Влад делился впечатлениями от просмотренных фильмов, прослушанной музыки, радостью от пришедшей мысли, встретившейся репродукции. Надежд на улучшение у поэта не было – были принятие происходящего и мужество максимально стойко соответствовать ему. Наверное, только Ольга Евгеньевна, мама, могла видеть его в минуты слабости, я же до самого конца наблюдала поэта-труженика, живущего всем доступным его духовным запросам и сочувствующего не себе – человеку как таковому.
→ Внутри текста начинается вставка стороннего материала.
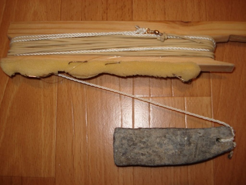 Эта снасть известна всем рыболовам и называется она «резинка». По сути – это донная снасть с резиновым амортизатором. Ее удобство в том, что не нужно постоянно вытаскивать всю снасть из воды, а лишь ее часть, где находятся крючки с насадкой. При этом ею удобно пользоваться, так как не приходится ее постоянно забрасывать. Дело в том, что крючки, при отпускании, сами под действием резинового амортизатора, уходят на глубину. К сожалению, она эффективна лишь на участках, где отсутствуют водоросли.
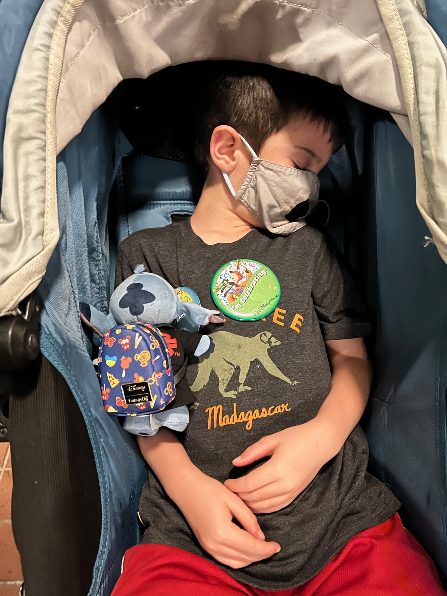 So, 12 hours after the LL we’d originally booked, we finally used our LL for Jungle Cruise. It was pretty cool in the dark! I think a lot of the jokes were lost on the kids. We had hoped to use our last anytime for one more ride on Big Thunder but everybody was way too tired, so we headed out of the park for one last time with W, who was definitely awake when he got into the stroller off Jungle Cruise, falling asleep before we even made it out of the park.
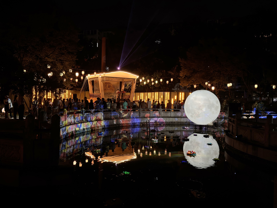 作为“诗的国度”,中国历来崇尚以诗寄情。朱泾的诗词文化也是源远流长,船子和尚、“云间三诗人”、彭鹤濂等皆留下传世名篇。当晚,《春江花月夜》《水调歌头·中秋》等经典诗作被重新吟唱,古音今唱,韵味悠长。
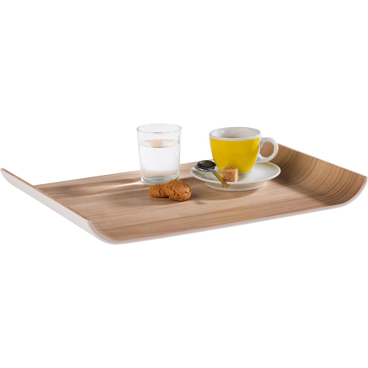 Melamin. Matte Oberflächen in Holzoptik innen und weiß außen. Stapelbar und spülmaschinengeeignet. Nicht geeignet für Backofen oder Mikrowelle und nicht direkter Hitze auszusetzen!
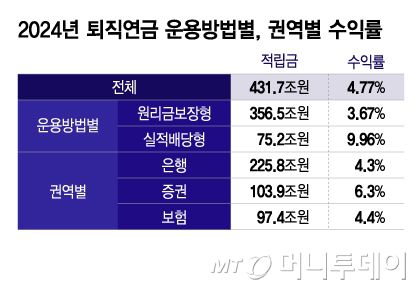 2024년 퇴직연금 운용방법별, 권역별 수익률/그래픽=이지혜 |
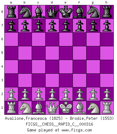 First move 2026 March 2 15:51:51 White clock - 29 days 12:42:51 Black clock - 30 days 00:00:00 [Event "FICGS__CHESS__RAPID_C__000316"] [Site "FICGS"] [Date "2026.03.02"] [Round "1"] [White "Avallone,Francesca"] [Black "Brodie,Peter"] [Result "*"] [WhiteElo "1825"] [BlackElo "1553"] 1.* Follow this game move after move (download)The older I grow, the more I value pawns. (Paul Keres) Die starken Figuren des Gegners muss man abtauschen. (José Raúl Capablanca) El Ajedrez lo es todo: arte, ciencia y deporte. (Anatoly Karpov) Un millionnaire : 'Monsieur Steinitz ! Vous ne participez aux tournois que pour l'argent, alors que moi je n'y viens que pour l'honneur.' Steinitz : 'Chacun joue pour ce qu'il n'a pas'... Programmer - an organism that turns coffee into software. (Anonymous)
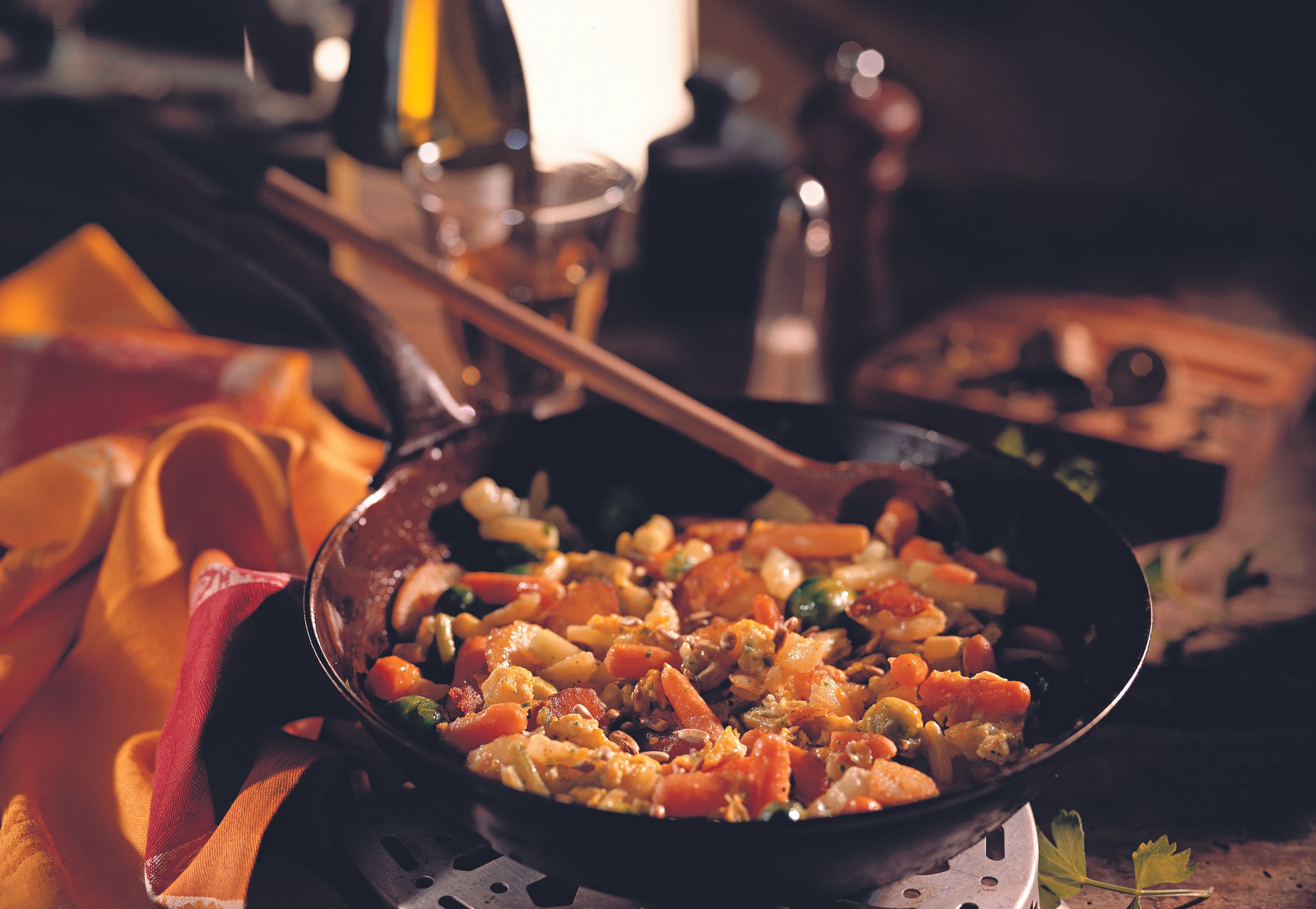 Gemüse-Gröstel mit Ei und Sonnenblumenkernen
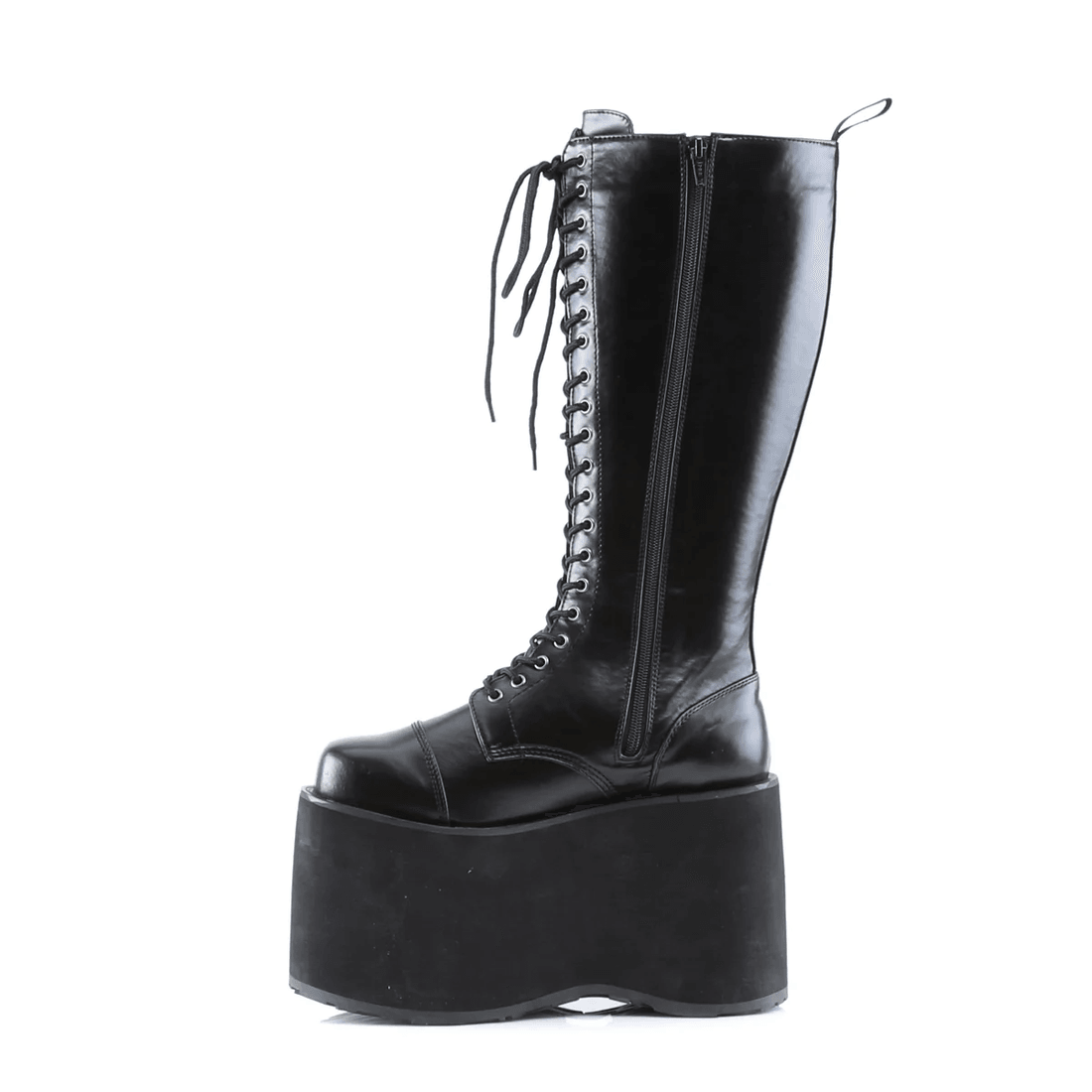 Elevate your footwear game with the Demonia Cult Mega-602 Black Faux Leather boots. Perfect for goth, punk, and cyber enthusiasts, these stunning knee-high boots combine edgy design with unparalleled comfort. With a towering 5 3/4" platform, these boots are crafted to make a bold statement.
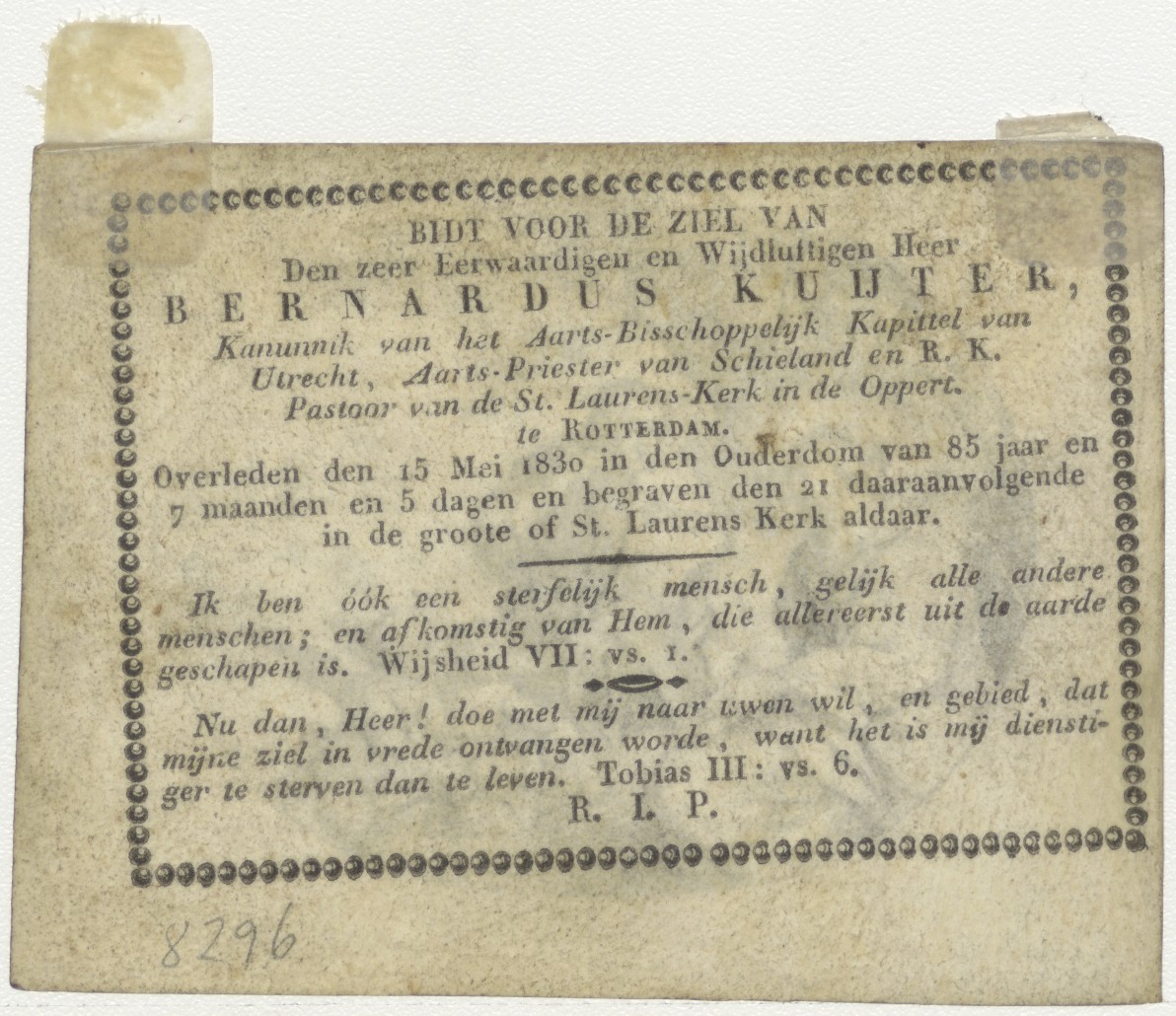 H. Familie, kz. Religieus; bid voor ziel Bernardus Kuijter (+1830) pastoor St. Laurens de Oppert, Rotterdam
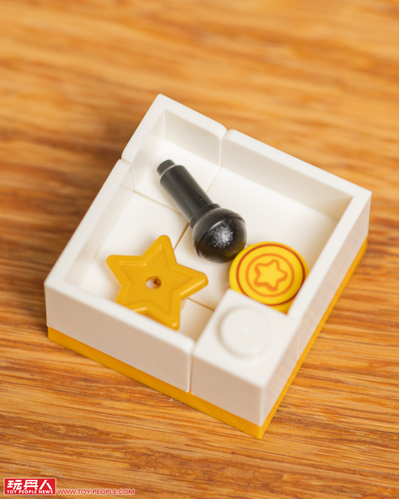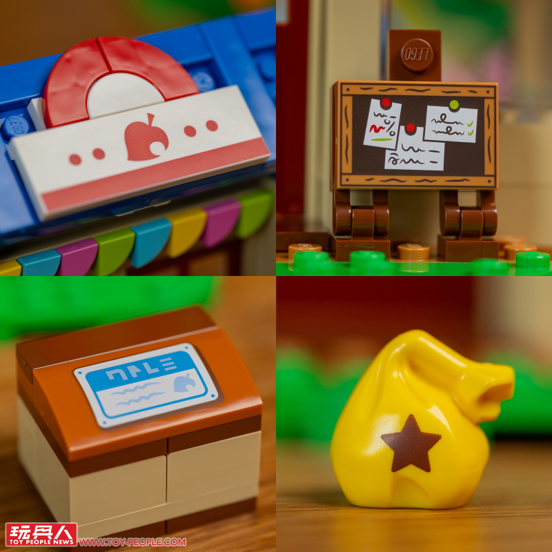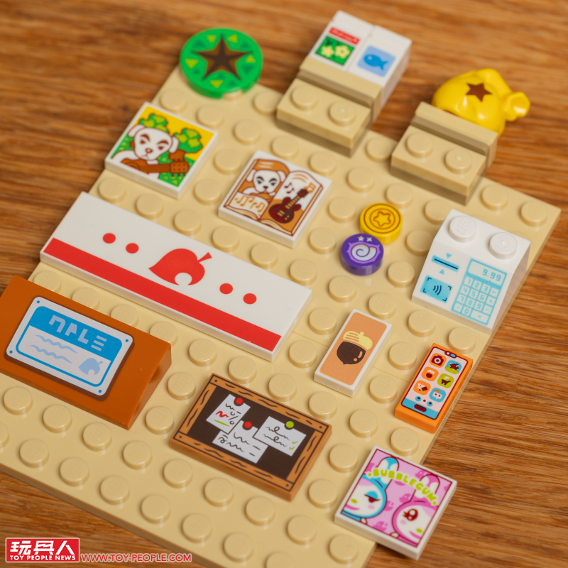 ▼ 在精美可愛的人偶之後,另一個讓人興奮的就是融入動森元素的印刷零件!小編這次把五款盒組裡頭的「動森主題印刷件」都先拿出來讓各位玩具人搶先看一下,從紅色葉子的 Nook 商店標誌、收購箱、鈴錢袋、鈴錢,到顯示出清單的手機都有,超級帶感!另外,這次的盒組沒有任何一張貼紙,所有的圖案都是印刷完成。
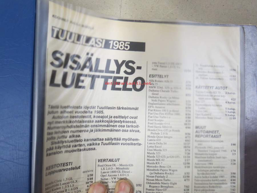 Tuulilasi 1985 nr 1-12 vuosikerta kansiossa (kustantajan myymä alkuperäinen kansio) / annual volume
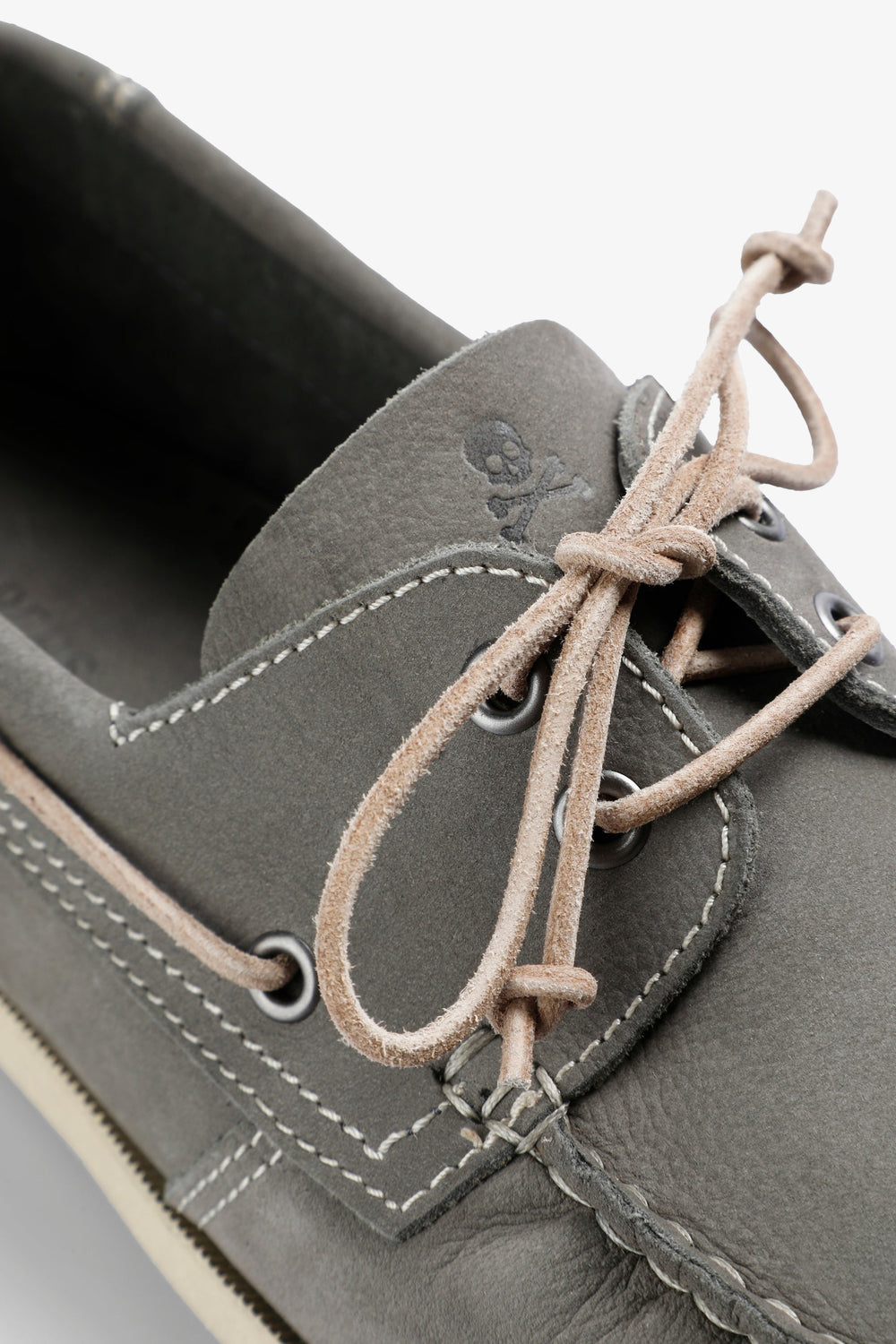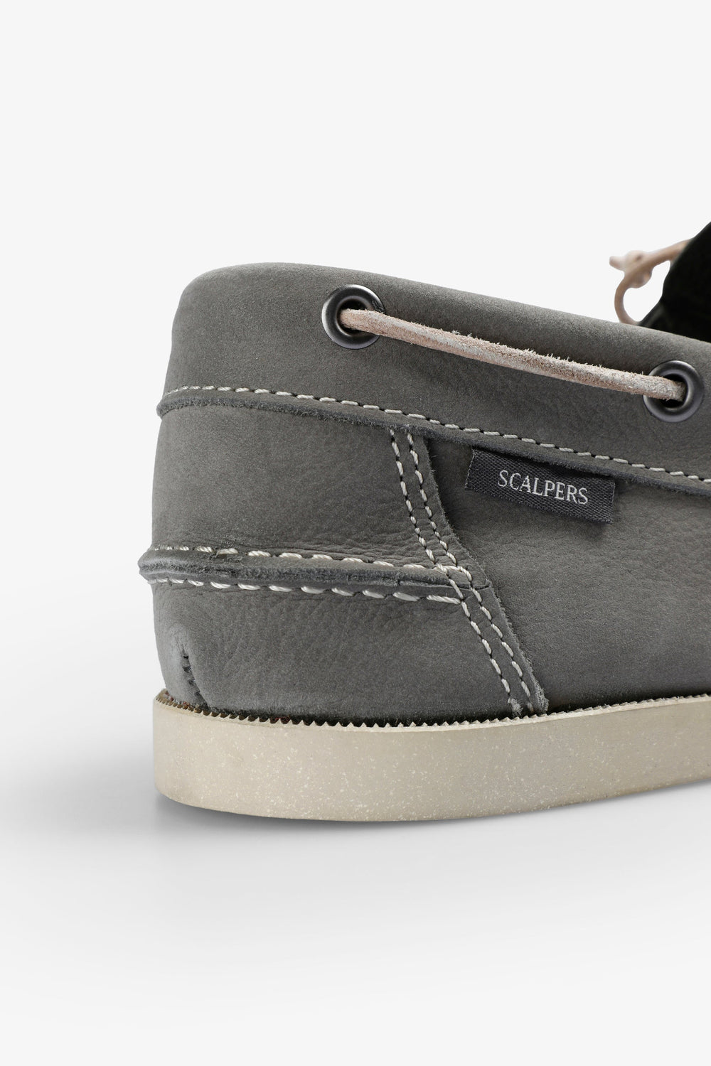 Chaussures bateau. Confectionnées en cuir recyclé. Lacets. Semelles en caoutchouc.
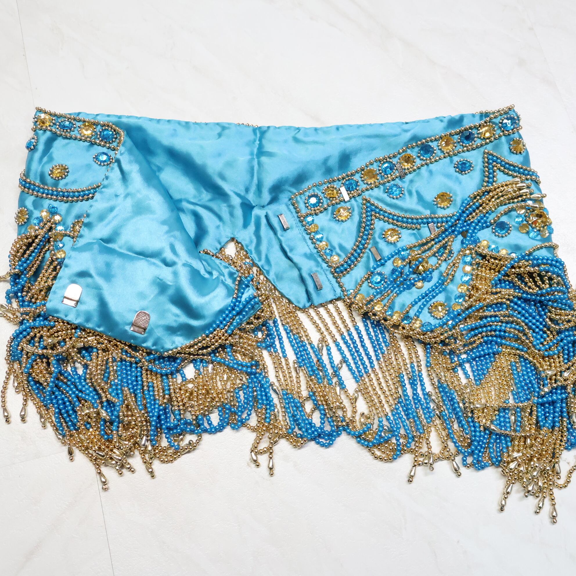 #ベリーダンス #オリエンタル衣装 #水色コスチューム #ゴールド装飾 #ラインストーン #ビーズ装飾 #煌びやか #エレガントスタイル #ラメ生地 #華やか #ダンスファッション #ブラトップ #ベルトセット #爽やかデザイン #女性らしい #ステージ衣装 #パフォーマンス用 #特別なイベント #個性的デザイン #ブルー衣装 #ダンス衣装 #ダンスコスチューム #ステージ衣装 #古着 #中古 #ENUTSU
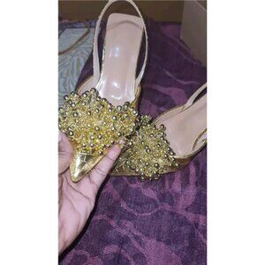 NEW Elegant Golden Beaded & Rhinestone Pointed-Toe Stiletto

Это бесконечно трогает.
 
Горюю о том, что прекратились его грустные песни и скучаю по человеку, способному сохранять обаяние искренности и доброты под смертным приговором и в состоянии хронической сильной боли.
 
Почему лучшие уходят!?
 
 
"Кот бродячий, мир незрячий.
Астры сохнут у крыльца.
Тень лицо за шторой прячет
и подобие венца.

Астры сохнут, сохнут, сохнут
сорок лет уже подряд.
Мир и кот однажды сдохнут.
А венец с лицом сгорят

и оставят горсткой пыли,
горсткой пепла голубой –
"Мы здесь были, были, были
мигом, вечностью, судьбой.""

 
 
           Валерия Шишкина
 
 
 
 
 
Владислав Пеньков
21.07.1969 – 01.09.2020
 
 
 
 
 
Auf die Ufer
 
 
-1-

"Так начинается сказка, 
то есть обычная боль."
                              Ф. Т.

Сказка закончилась, кстати.
Веки едва разлепив,
видишь, что в белом халате
девушка... или мотив...

Мало ли что приблазнится.
Ты на неё погляди –
длинные стрелки-ресницы,
крестик на юной груди,

и отразилось во взоре
то, что всегда над тобой –
небо, как море и горе,
белой сирени прибой. 

 

-2-

Это всё происходит отныне,
словно всё происходит не с нами –
пахнет вечером, морем, полынью,
и трава шелестит под ногами.

Так выходит, что жизненный опыт
ни к чему молодым и не очень.
Только влаги и соли накопят,
выражаясь по-блоковски, очи.

Только степь голубая над крышей
будет алою, серою, чёрной,
став на долю мгновения ближе
и – на двадцать минут – золочёной. 

 

-3-

 
 
"И папиросу несу, как свечу."
                                  Г. И.
  
 

Шёлковый, что косы Лорелеи,
ветер подымается опять.
Изо всех простых земных умений
мне дано уменье умирать.

Умирать почти что без вопросов.
Крикнешь "Кто там?" Слышится в ответ -
"Лорелея!" Свечку-папиросу
гасишь о чугунный парапет.

 
 
 
 
Monique Lemoine* и другие
 
 
-1-

Мне страшно говорить тебе – Прощай!
О музыка, возьми на чай, ты пела,
пока весна летала, стрекоча,
и сыпала в окно сиренью белой.

Пока в окно стучалась Лемуан,
протягивая кремовую ветку,
и прятались блаженство и туман
в мазовую запретную таблетку.

Прощай, на чай возьми и без обид.
Когда ещё увидимся с тобою.
Мне горек твой последний цианид
и сладок шаг над бездной голубою.

 
_______________
*_Monique Lemoine - Моник Лемуан, французский сорт белой сирени.

 

-2-

                                            Л.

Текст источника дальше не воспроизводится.